OrgCode Duplicate Filter

I was asked to work my “Unix magic”.

The problem? Duplicate courses were spooled and converted from the WebCT format to the Desire2Learn. The conversion process creates an import file using the WebCT SourcedId.Id as the OrgCode. The first time the OrgCode is used, it creates a course. The next and subsequent times, it duplicates content. So these duplicate converted courses gave us a situation where we were screwed.

Fortunately our partners at Desire2Learn intercepted the problem before it got worse.

Out of 1,505 still to be imported, there were 468 duplicates. Yes, 31% duplicates.

D2L asked me to filter the imports to remove the duplicates. I said I am too much of a n00b with Windows to pull it off.

The reply was to use Unix.

Boy do I love Bash shell scripting. In two hours I solved it, though after the high of solving something I had no idea how to write this morning in two hours, there must be something wrong with it.

First, my general idea was to read the file line by line and write those lines with OrgCodes that do not yet exist to a filtered.csv file. I started out looking to exactly duplicate my existing file in another file by reading it line by line.

A while loop which reads each line and records the whole line in a variable.

INPUTFILE=/path/to/file.txt
exec<$INPUTFILE
while read LINE
do
     stuff...
done

I quickly discovered though that since Windows uses the backslash, that foiled the ability of echo to exactly write every line to a file. The backslash escapes the next character. Neither double nor single quotes helped the situation. Oops. So I decided to use sed to make a temporary copy to duplicate the backslashes. A first backslash escapes the next character, in this case a second backslash.

sed -e 's|\\|\\\\|g'

As an error check, the last thing the script does is a diff -u to compare source and new files. At this stage nothing means perfect. I like the -u to give me easier to read results.

So I was able to get an exact copy of the original. All that was next was to get the OrgCode, check it against my filtered file, and if it did not exist, then add it to the end of the filtered file.

ORGCODE=`cat $LINE | awk -F, '{print $1}'`
IF_EXISTS=`grep $ORGCODE $FILTERFILE`
if [ -z IF_EXISTS ] ; then
     echo $LINE >>  $FILTERFILE
fi

Easy. Too easy?

The checks against my work confirmed it worked.
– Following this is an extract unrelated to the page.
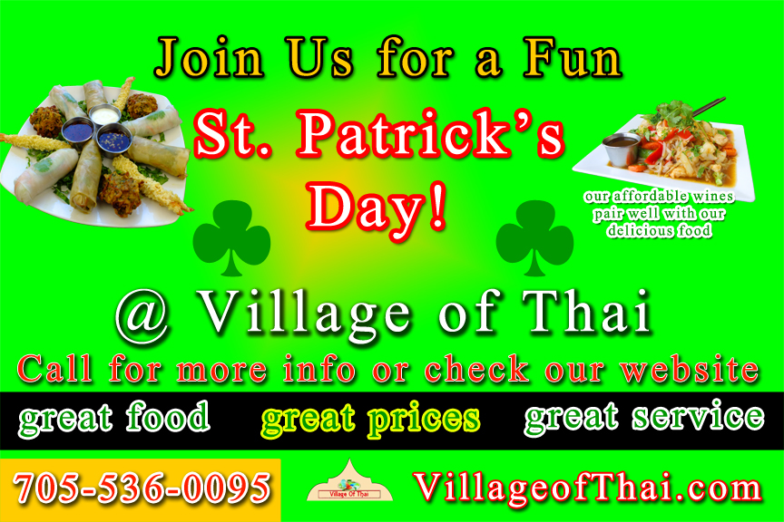 Family Thai and South Asian Restaurant serving Peterborough and Kawartha Lakes area. Great food, affordable prices. Call 705-536-0095 Thai hot and sour shrimp soup. SALADS. NOODLES. CHICKEN / BEEF / SHRIMP / VEGETARIAN and more. Catering. Weddings. Office Parties. Takeout Food. Delivery Try Our Delicious Thai & South Asian Cuisine. CUISINE LUNCH DINNER LOCATION REVIEWS GALLERY Celebrate St. Patrick's Day with us - Mar. 17th

    1. A sorted version of the source run through this and compared in diff -u consistently showed the correct lines were excluded.
    2. Counts for the number of duplicates and the difference of lines missing works.
    3. A check for the number of duplicate OrgCodes returns nothing on the filtered file.

Back Door Restore

Humans make mistakes. Our clients’ administrators some times do very bad things without malicious intent. The “Deny Access” button is too close to the “Delete” one. About 160 student accounts were deleted.

The hypothesis came to me that sections keep data when a student is removed. Maybe it keeps the data when a student’s account is deleted. If I can trick the system into thinking the same student came back, then maybe it will relink the data. Everyone is happy.

To test this hypothesis, I…

  • Exported a copy of the grade book for my test student account in a test CE/Vista 8.0.6 system. Should the test go bad, then I could at least restore the grades.
  • Copied the account’s profile to a text file for the user name, sourcedid.source, and sourcedid.id.
  • Created a new account, gave it  the same user name, sourcedid.source, and sourcedid.id (and first, last, password).
  • Enrolled the account into the original class as a student.

The grades were missing. Clearly my hypothesis was wrong. Data is not kept around for deleted students like it for unenrolled students. Which sucks.

In my retest, I…

  • Unrolled the same account. The grade book showed the student’s data in red, meaning the account was unenrolled but the data still there.
  • Deleted the same account. The grade book still showed the student’s data in red.
  • Created a new account with a 2 in the user name and added it to the section. The grade book showed the new account not the one I deleted.

I hope this means I still saw the data post-delete because of the cache services. Changing the enrollment changed what was stored in the cache so the old account disappeared at that point. A couple more tries confirms the behavior of the student appearing in the grade book post-delete.

Still disconcerting deleted users appear in the grade book.